# Problem
Look below for the line with "Beautifully well-made Guess"; begin the copy there and stop after the line with "Hurya Khan is", keeping the text exact and the pictures out.

# Task input

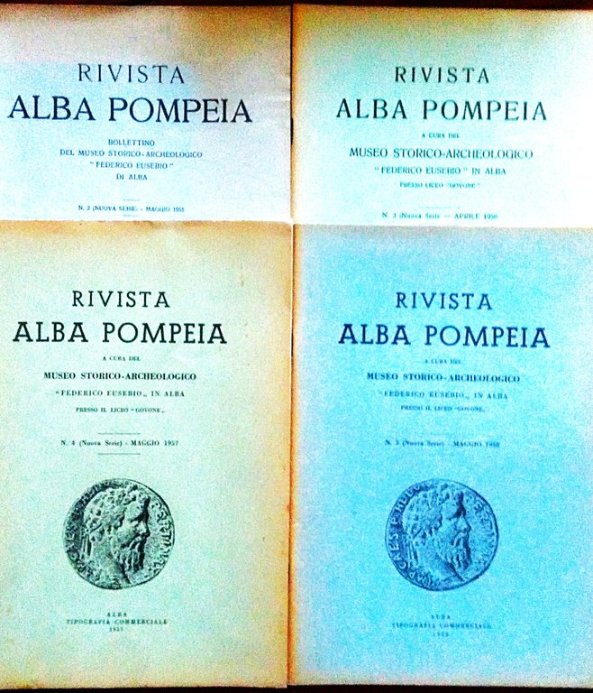 Rivista Alba Pompeia a cura del Museo Storico Archeologico "Federico Eusebio" in Alba presso il Liceo "Govone". N. 2-3-4-5 (Nuova Serie), Maggio 1955-Maggio 1958.
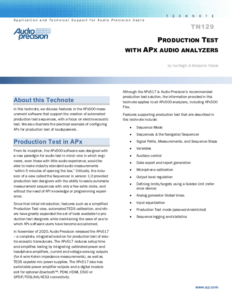 TECHNOTEApplication and Technical Support for Audio Precision UsersTN129PRODUCTION TEST WITH APX AUDIO ANALYZERS by Joe Begin & Benjamin KiladaAbout this Tech note In this tech note, we discuss features
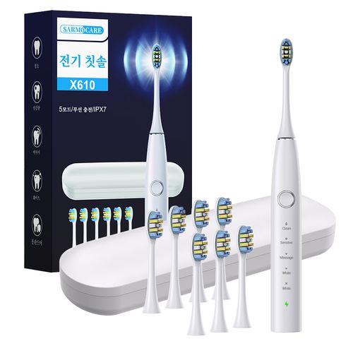 음파전동칫솔 초음파 전동칫솔 스마트 음파 전동칫솔 본체 전동칫솔 파워화이트닝 전동칫솔 전동칫솔 리필브러쉬 6개, 여행가방
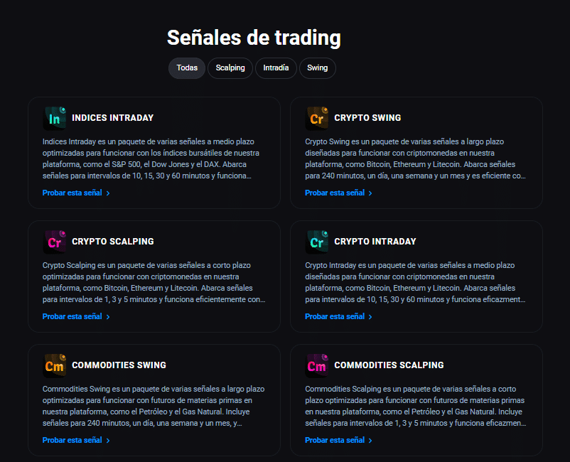 Estas alertas están basadas en análisis técnico y fundamental de activos en diversos mercados. Se dividen según la temporalidad (scalping, intradía y swing), pero además según el tipo de activo y otras variables.
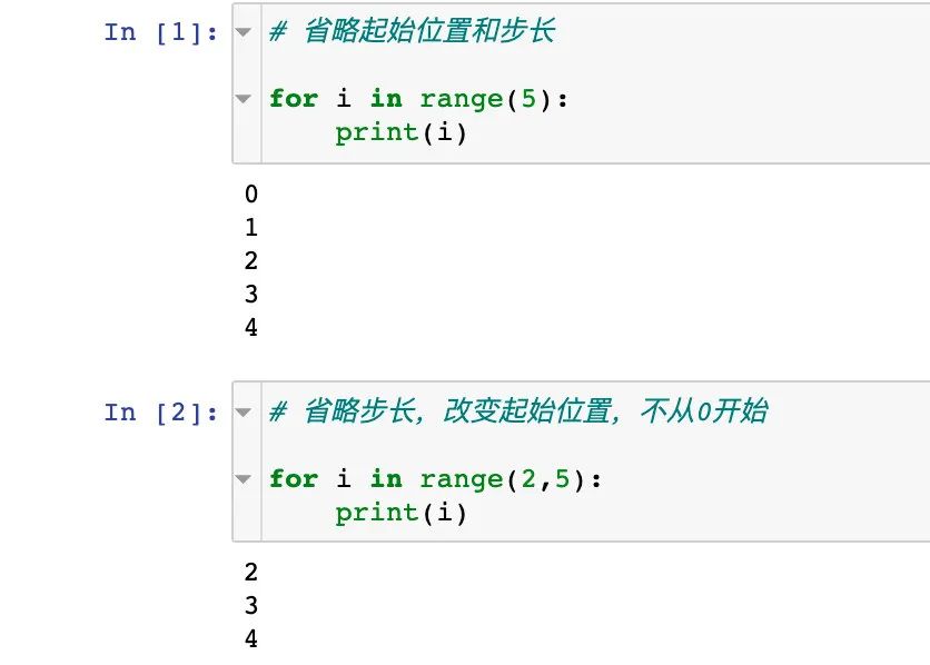下面多个例子中的range(m,n,s)函数表示的是取指定数值区间的数值作为迭代器:
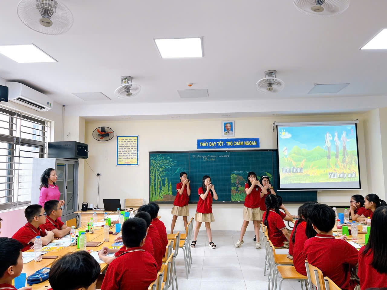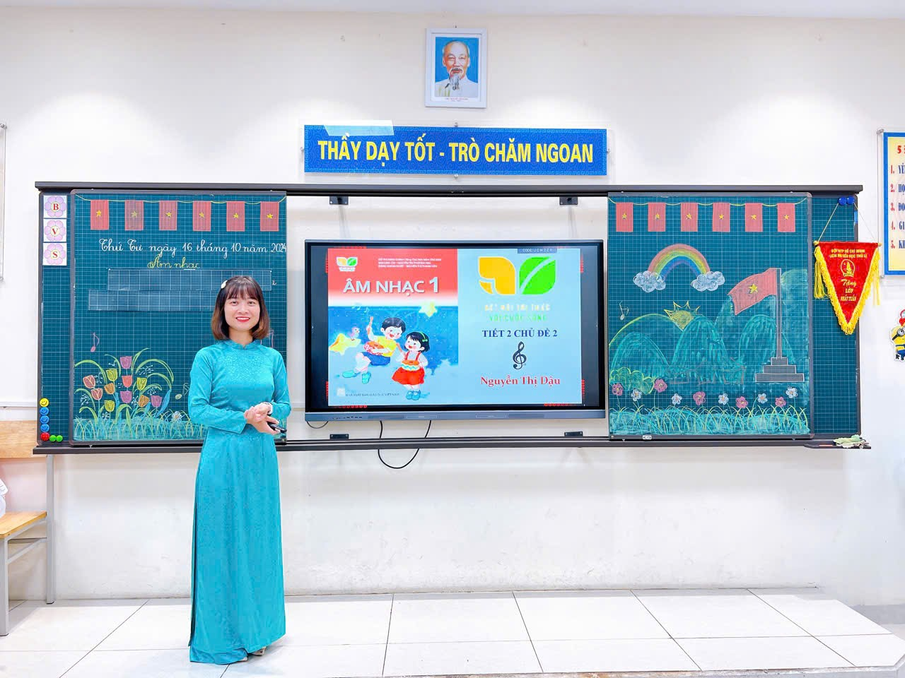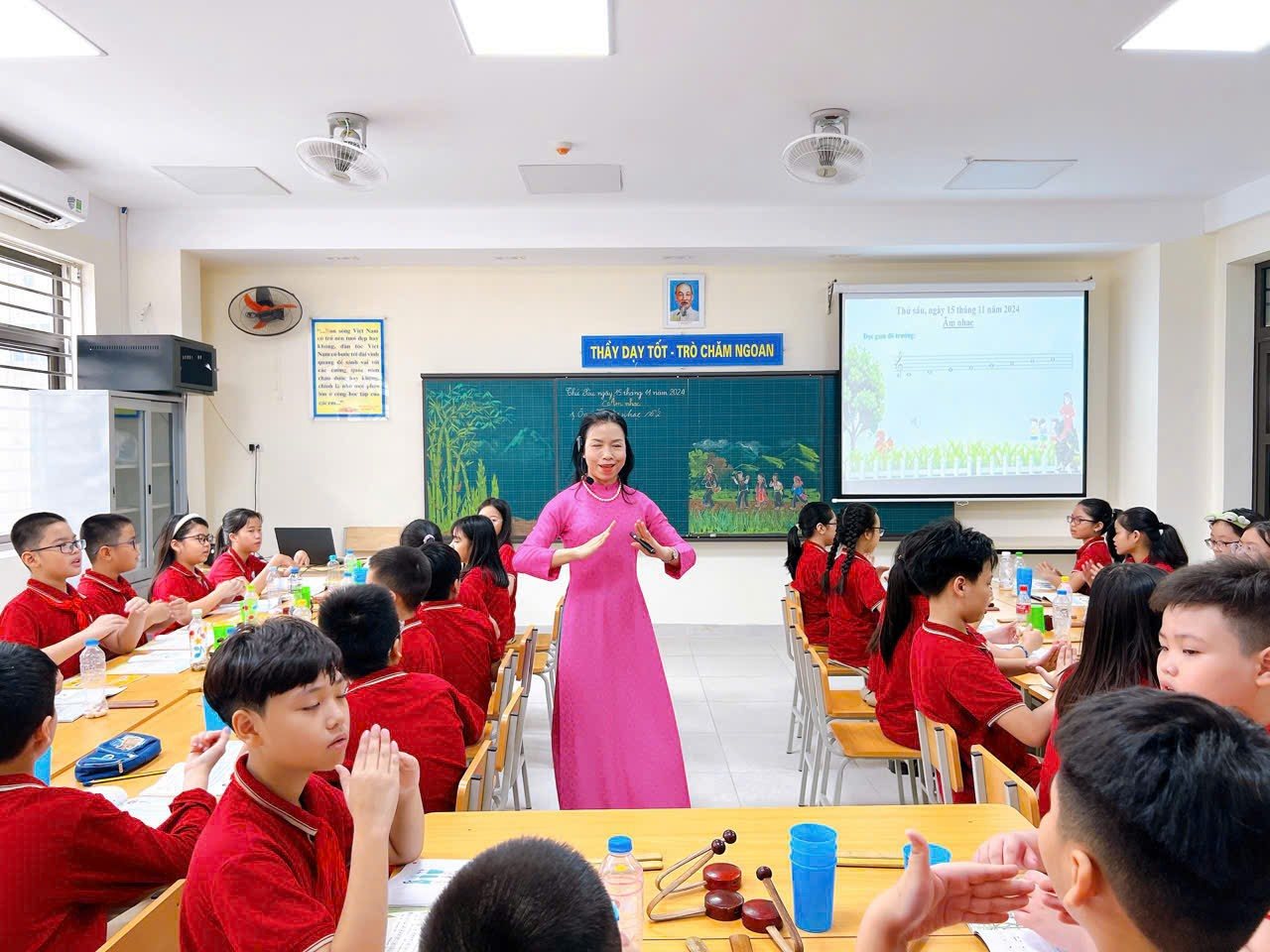 Trong tiết chuyên đề âm nhạc của cô Nguyễn Thị Lan Phương với nội dung: Hát “ Em bay vào tương lai” và tiết hội giảng của cô Nguyễn Thị Dậu : Ôn bài hát “ Tổ quốc ta” các con rất thích thú với phần khởi động hấp dẫn có nhiều hình ảnh sinh động cũng như được trải nghiệm các hoạt động thực hành sôi nổi, hào hứng với các đạo cụ tự làm. Môn Âm nhạc không giống các môn khác, nhu cầu thưởng thức, cảm thụ và hoạt động thực hành với các hình thức biểu diễn phong phú sẽ tạo hứng thú, niềm vui và kích thích tiềm năng nghệ thuật, làm giàu đẹp đời sống tinh thần cho mỗi học sinh.
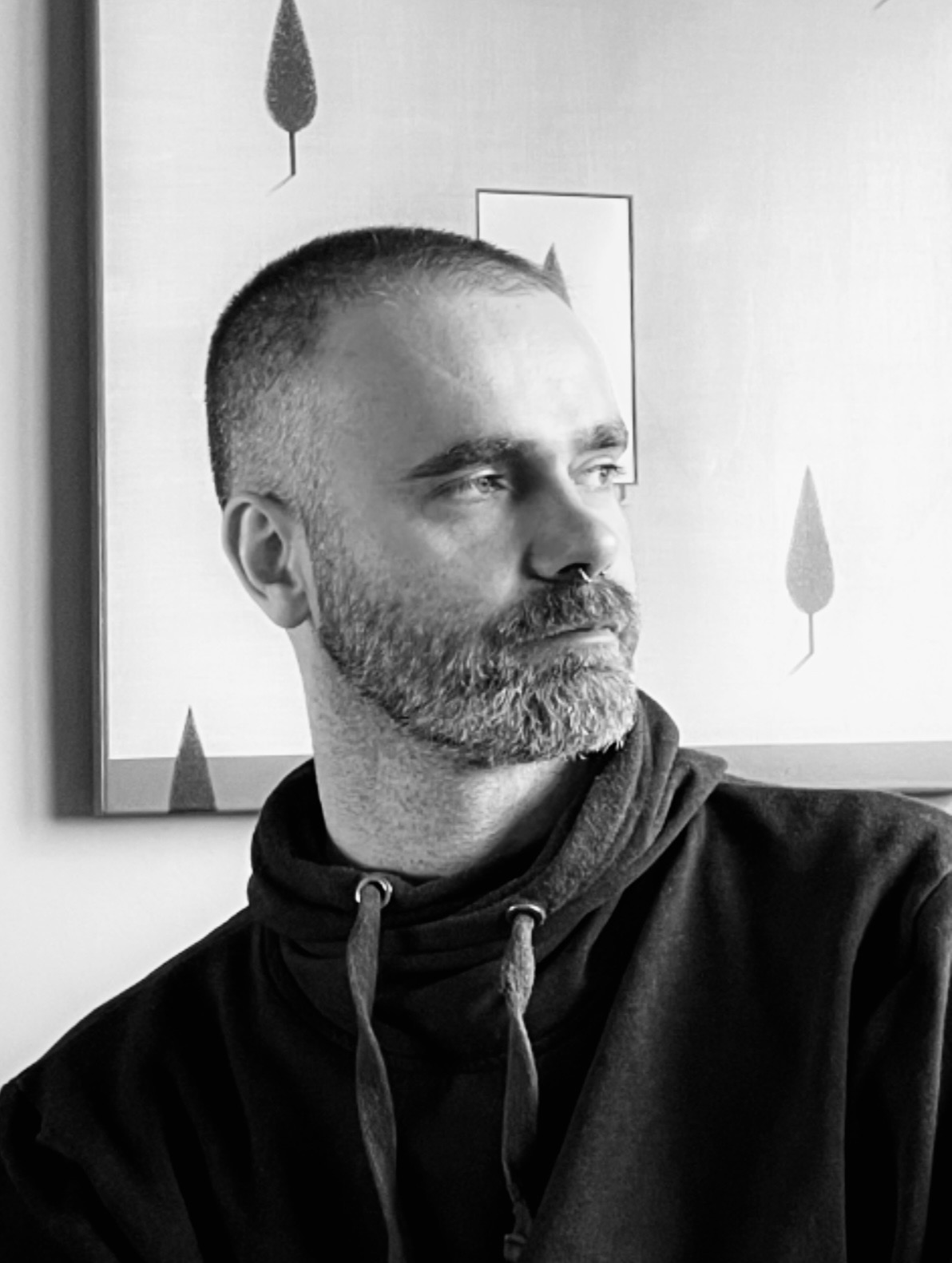 Nikola Sarić (b. 1985, Bajina Bašta, Serbia) is a German-based artist living and working in Hannover. Trained at the Academy of Applied Arts in Belgrade, he developed an early interest in Byzantine and early Christian art, later refining his knowledge of fresco painting and iconography within the tradition of the Serbian Orthodox Church. Encounters with medieval frescoes, as well as Armenian, Coptic, and Byzantine visual cultures, became a lasting foundation for his practice.
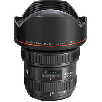 A truly versatile wide-angle zoom featuring an advanced optical design and constant f/4 maximum aperture, the Canon EF 11-24mm f/4L USM Lens is a member of the esteemed L-series of lenses designed for full-frame EOS DSLRs. One Super UD element and one UD element offer a significant reduction in chromatic aberrations while four aspherical elements help to minimize distortions throughout the zoom range and provide consistent edge-to-edge sharpness and illumination. Both SWC and ASC coatings have been applied to the elements in order to reduce lens flare and ghosting for increased contrast and color accuracy. Ideally suited for landscape and architectural photography, this lens covers ultra-wide to wide-angle perspectives and backs up its versatile zoom range with sophisticated optical components and intuitive handling.
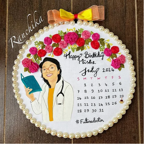10-inch Personalized hand-embroidered hoop with a hand-painted doctor portrait and customized birthday calendar. Features floral embroidery and pearl accents.
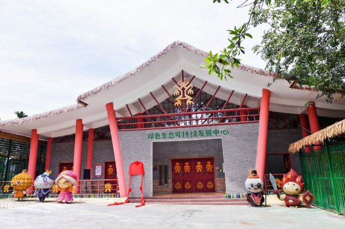 当你走近环保中心,会看见门口站着五个巨大的彩色玩偶,是村民和环保志愿者用秸秆编织好,再刷上不同的颜料,生动有趣。黄凌凤给它们取的名字是“五小只”,组成的是一个“水果王国”的IP:榴莲国王、山竹王后、百香果公主、火龙果将军、龙眼公爵。
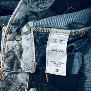 Beautifully well-made Guess brand jeans, dark wash, beautiful embroidery, and studs on pockets. New no tags.
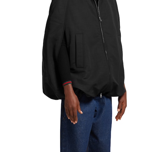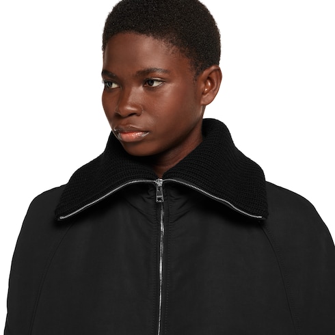 La collezione Pre-Fall 2025 presenta una nuova interpretazione dei materiali caldi su capispalla e modelli outerwear sofisticati, proposti con silhouette classiche e contemporanee. Questa giacca a mantella dallo stile contemporaneo, realizzata in faille di poliestere, presenta dettagli unici, tra cui il colletto in maglia e l'orlo con coulisse, ed è completata da un discreto dettaglio con logo.
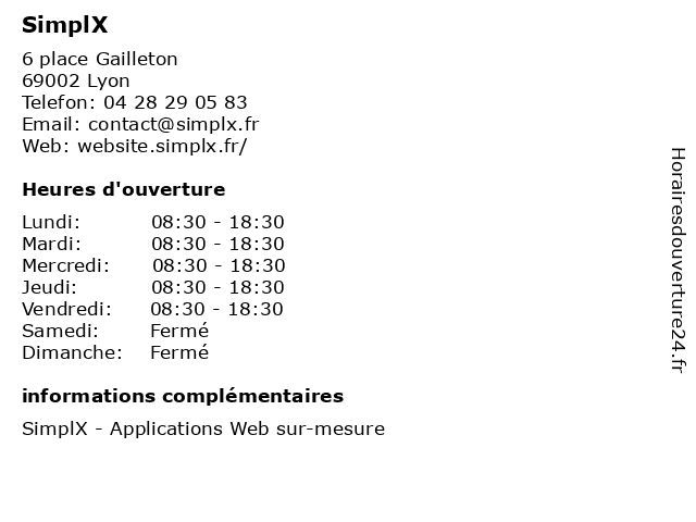 | Lundi | 08:30-18:30 |
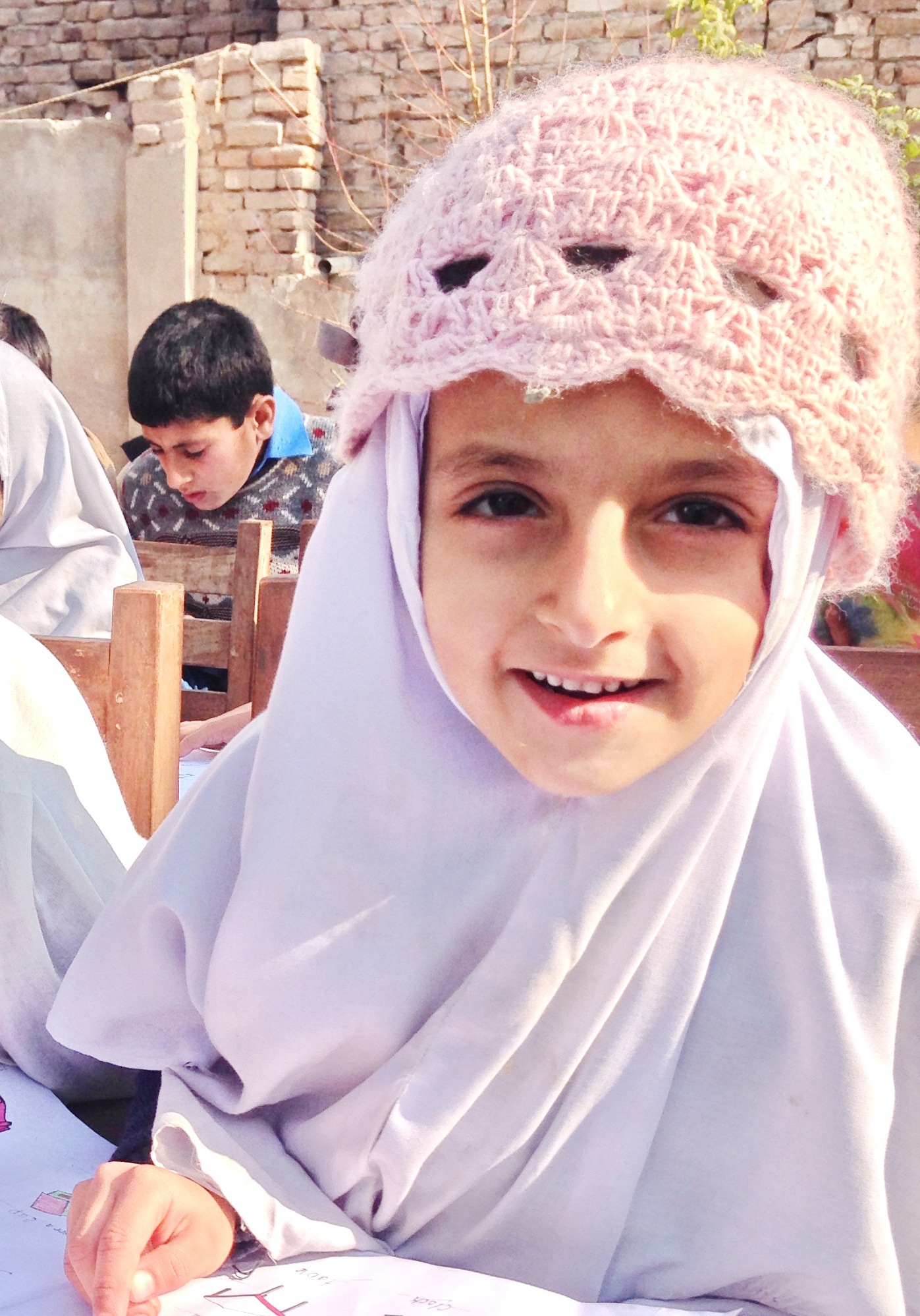 Hurya Khan is 5 years old. Hurya wants to become a teacher when she grows up. Hurya had never been to school before and is thoroughly enjoying her experience at school.
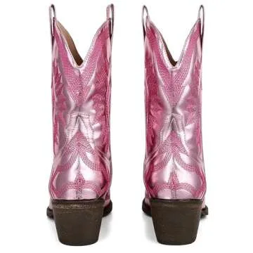 AMINUGAL Pink Cowgirl Boots - Embroidered Chunky Heel Cowboy Boots for Women
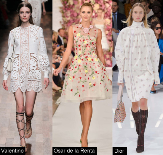 同样的清新飘逸感来自Oscar de la Renta和Valentino。Oscar de laRenta的“后花园系列”带来春天的即视感,轻薄蓬纱裙缀上暖色花朵,清新气息扑面而来;Valentino的纯白镂空连衣裙也将仙气发挥到极致,这是一个浪漫少女的衣橱必备裙装。
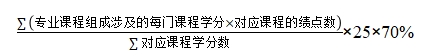 专业课程综合成绩为专业课程的加权平均分乘以70%,公式为:
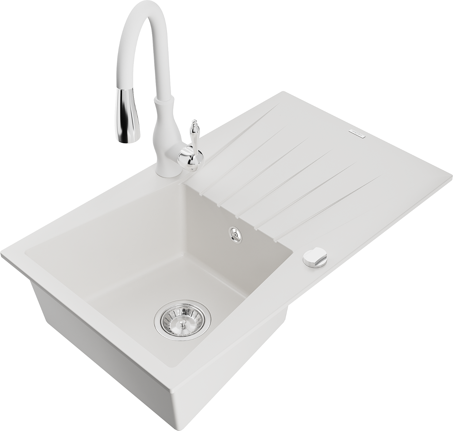 Mexen Cesar chiuvetă de granit cu o singură cuvă cu scurgător și baterie de bucătărie Savita, alb - 6514-20-672601-20

# Written solution
 Beautifully well-made Guess brand jeans, dark wash, beautiful embroidery, and studs on pockets. New no tags.
 La collezione Pre-Fall 2025 presenta una nuova interpretazione dei materiali caldi su capispalla e modelli outerwear sofisticati, proposti con silhouette classiche e contemporanee. Questa giacca a mantella dallo stile contemporaneo, realizzata in faille di poliestere, presenta dettagli unici, tra cui il colletto in maglia e l'orlo con coulisse, ed è completata da un discreto dettaglio con logo.
 | Lundi | 08:30-18:30 |
 Hurya Khan is 5 years old. Hurya wants to become a teacher when she grows up. Hurya had never been to school before and is thoroughly enjoying her experience at school.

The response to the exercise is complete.